When trading CFD’s, you are trading against a single participant, your broker. They are the ones solely determining at what price an asset should be bought or sold which means you may not be getting the best price.
When trading futures, you are trading on a centralized exchange where there are often thousands of participants trying to buy and sell at the most aggressive pricing possible. This is a huge benefit to the trader as this competition literally ensures you are buying or selling at the best possible price.
Another benefit to trading futures is market transparency.
In the world of CFD’s, there is no reasonable way to gauge supply and demand. A trader does not have visibility into the inventory a broker may have (i.e., how many contracts are they willing to buy or sell at any given price?).
When trading futures, it is literally an open book. Traders have the ability to see the depth of the market and the size available at virtually every price level. This market transparency provides the futures trader with very important information. Is the market overall sized to sell? Is there a lot more depth on the buy side? This is critical information in order to make informed trading decisions.
Additionally, futures traders have visibility into what has already happened in the form of volume.
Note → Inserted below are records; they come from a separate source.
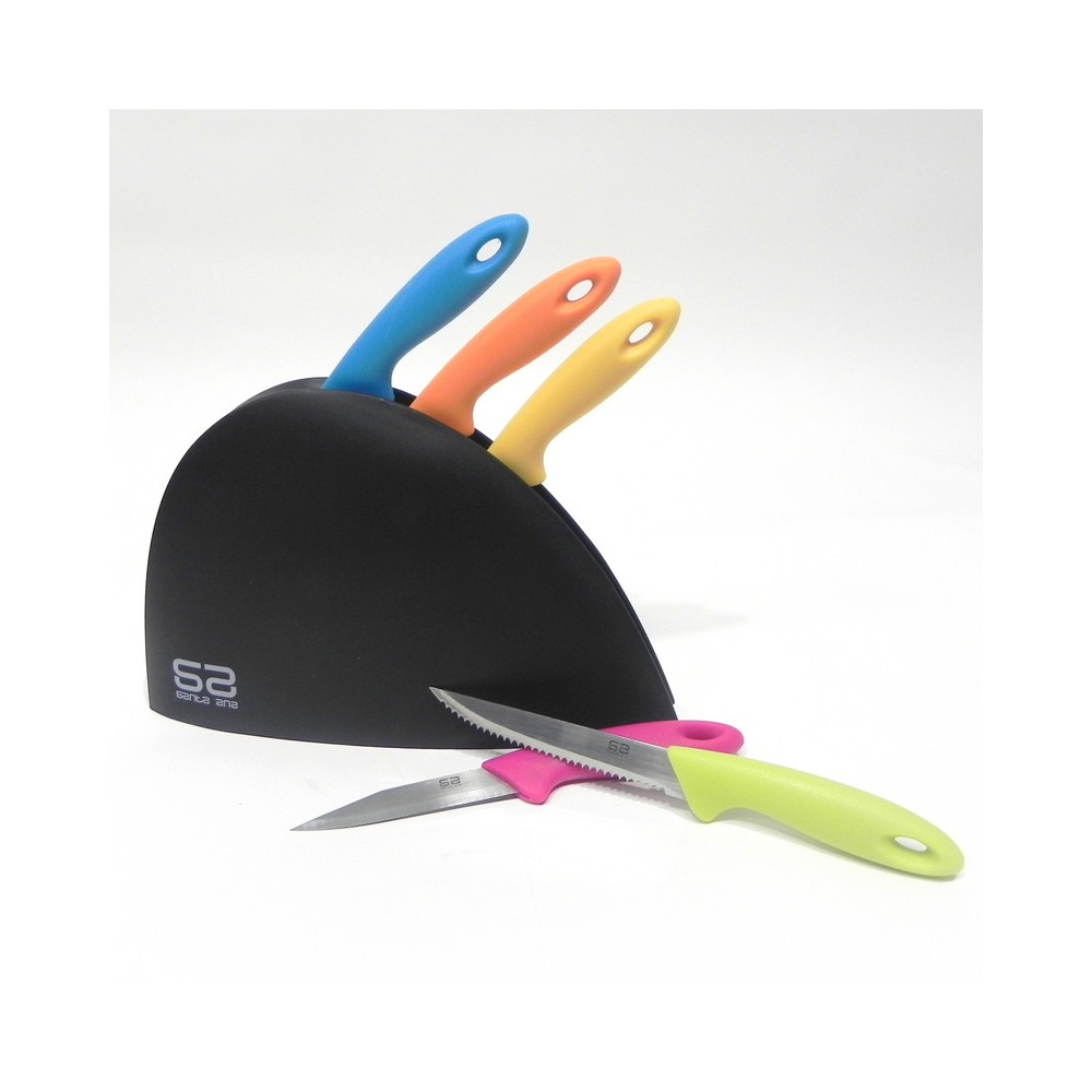 - Mango de vistosos colores y filo de acero inoxidable.
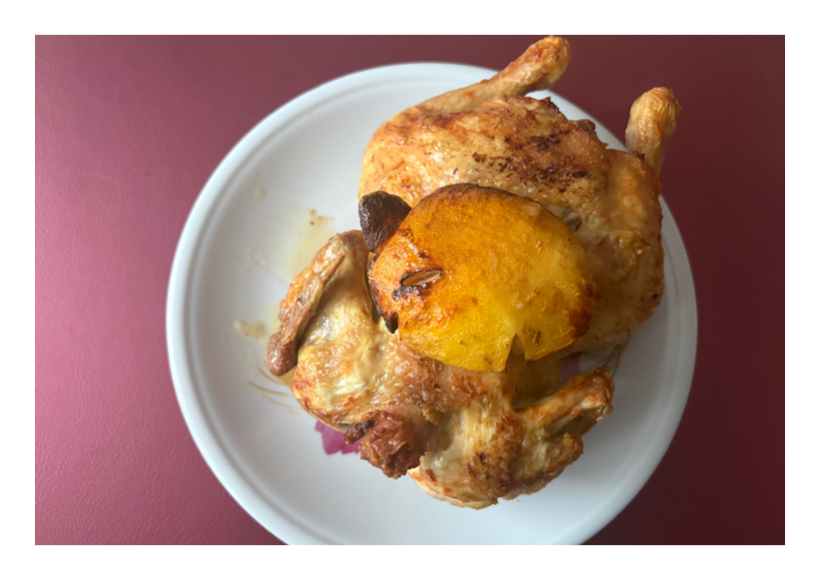 Für das Zitronenhuhn aus dem AirFryer wird 1 ausgenommenes, küchenfertig geputztes Huhn gewaschen und trockengetupft.
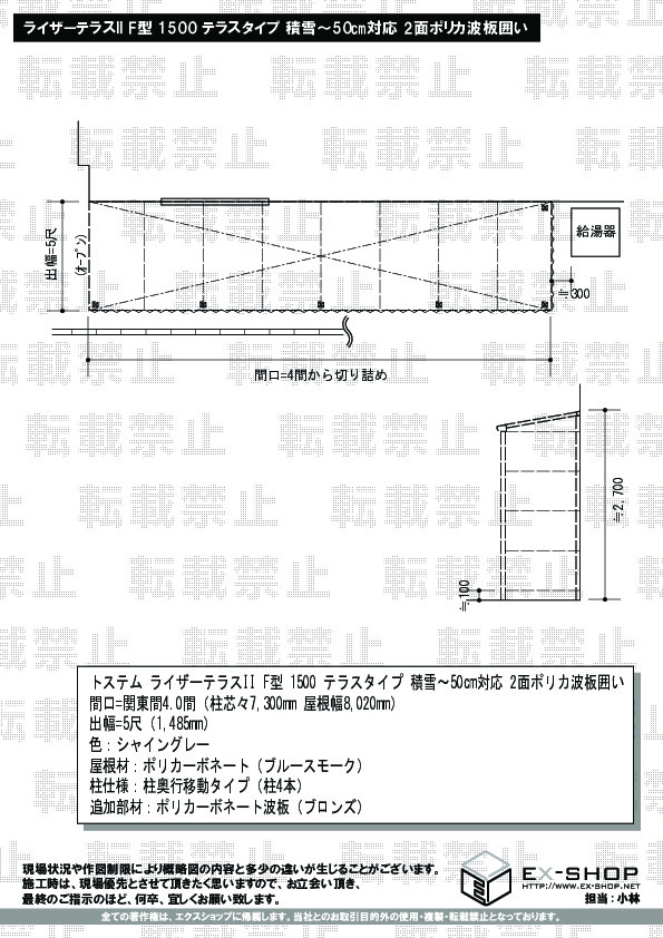 | サイズ | 屋根幅 8,020mm 出幅 1,485mm |
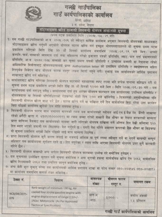 मोटरसाईकल खरिद सम्बन्धि सिलबन्दी बोलपत्र आह्वानको सूचना
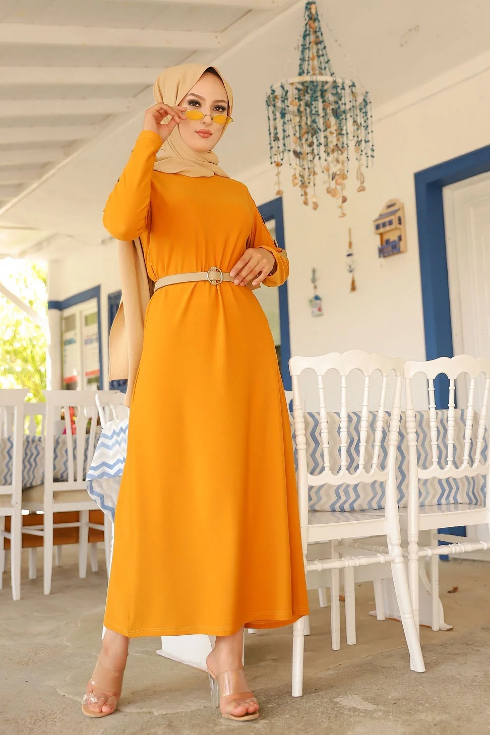 Robe decoree de boutons pour femme voilee - Vetement islamique moderne - Couleur Moutarde
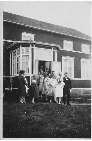 Anni och Evert Bäck träder som nygifta ut ur brudens hem. Husets ingång ännu på sidan mot vägen.
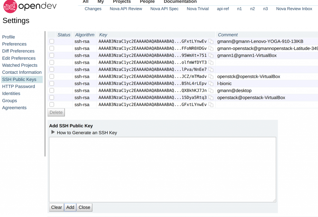 - 为了将补丁推送到 Gerrit ,我们需要一种识别自己的方式,而 ssh 密钥是一种身份验证方式。你可以从任何机器提交补丁,但你需要更新该机器的 ssh 密钥。
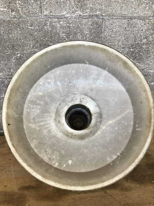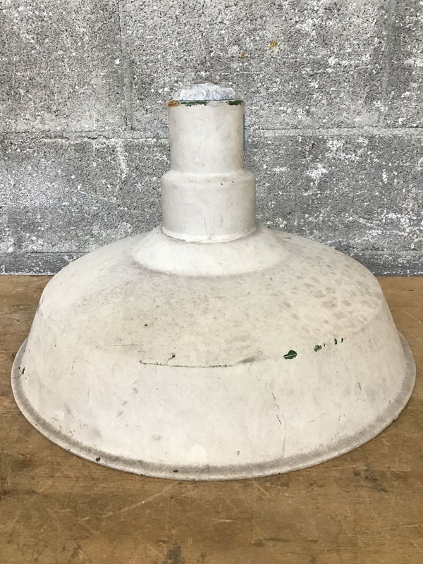 Green enameled farmhouse shade with a coat of white paint over top. A few rust spots but overall in good shape.

This allows market participants to study previous market action from a price and volume perspective. For example, when the market was last approaching level X, what did the volume trend look like compared to how the current market book is displayed?
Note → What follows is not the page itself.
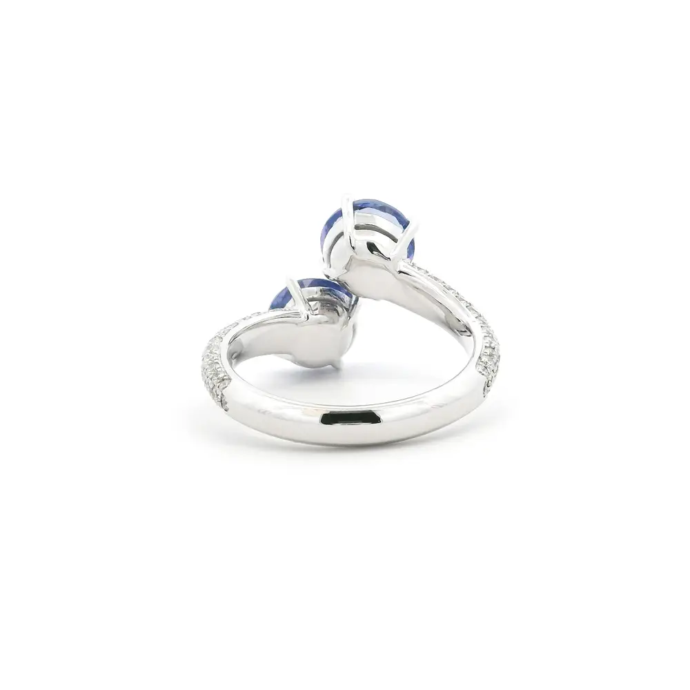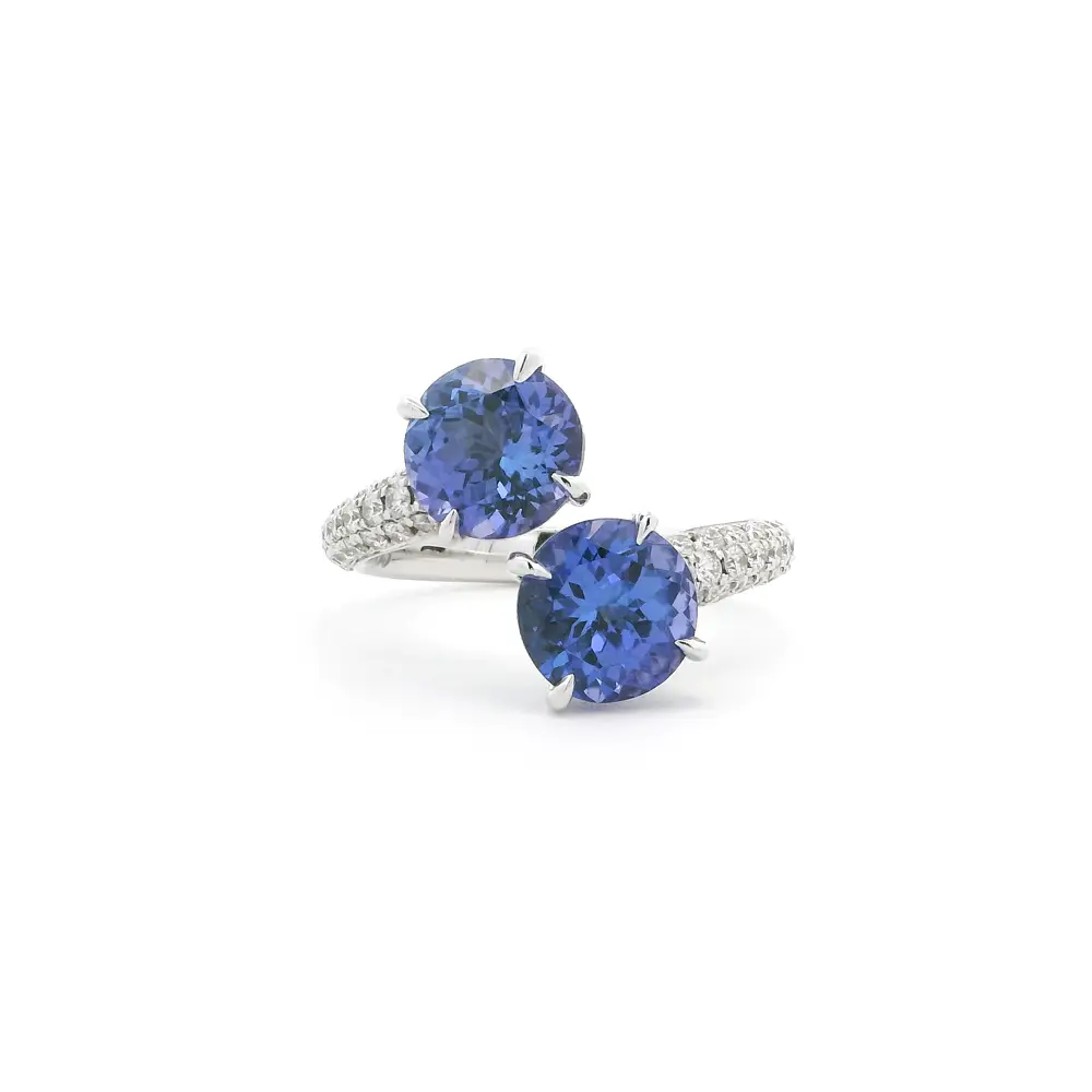 Dieser außergewöhnliche Ring aus 18-karätigem Weißgold vereint Eleganz, Originalität und Harmonie. Das offene Design wird von zwei runden Tansaniten geziert, die Dualität, Ausgewogenheit und die Verbindung zweier Seelen symbolisieren. Ihre violett-blauen Nuancen verändern sich je nach Licht und entfalten ein faszinierendes Farbspiel.
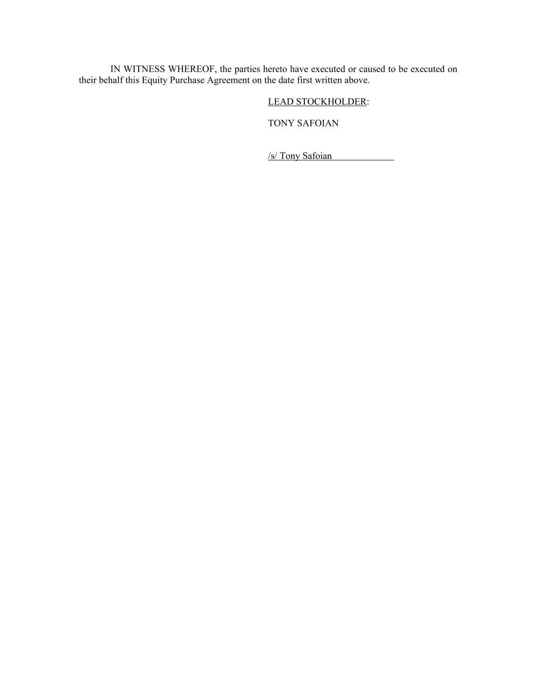 IN WITNESS WHEREOF, the parties hereto have executed or caused to be executed on their behalf this Equity Purchase Agreement on the date first written above. LEAD STOCKHOLDER: TONY SAFOIAN /s/ Tony Safoian

When trading CFD’s against a broker, a broker knows everything about the trade you are placing as you place it. They know your account, your balance, whether you are opening or closing a position and where your stops are set. Additionally, they have this information not just your account, but for every account at the firm. This information gives them a tremendous edge if we consider our first point: they are the ones deciding the price.
With futures, your broker is there to facilitate the trade and pass your order onto the regulated exchange. Once they pass your trade onto the exchange, no other participant has any information other than price and the number of contracts you wish to buy or sell. This anonymity goes a long way in keeping an orderly and fair playing field in the world of futures.
No matter what market you trade, the firm you are trusting with your money should be regulated.
Depending on where you live, or your jurisdiction, CFD’s may or may not be highly regulated. In the United States, CFD’s are banned from being offered. In the UK, Europe and Australia, regulation exists however it varies from place to place & may not be consistent. In some areas, brokers are either very lightly regulated or not regulated at all. Always do your research.
Both futures brokerages and futures exchanges such as Eurex and CME Group have some of the highest and most consistent regulatory standards globally. This oversight is meant to provide the most secure and fair environment possible for market participants. Not only does this regulation act to protect the trading venues, but every aspect of your account, including how your funds are held.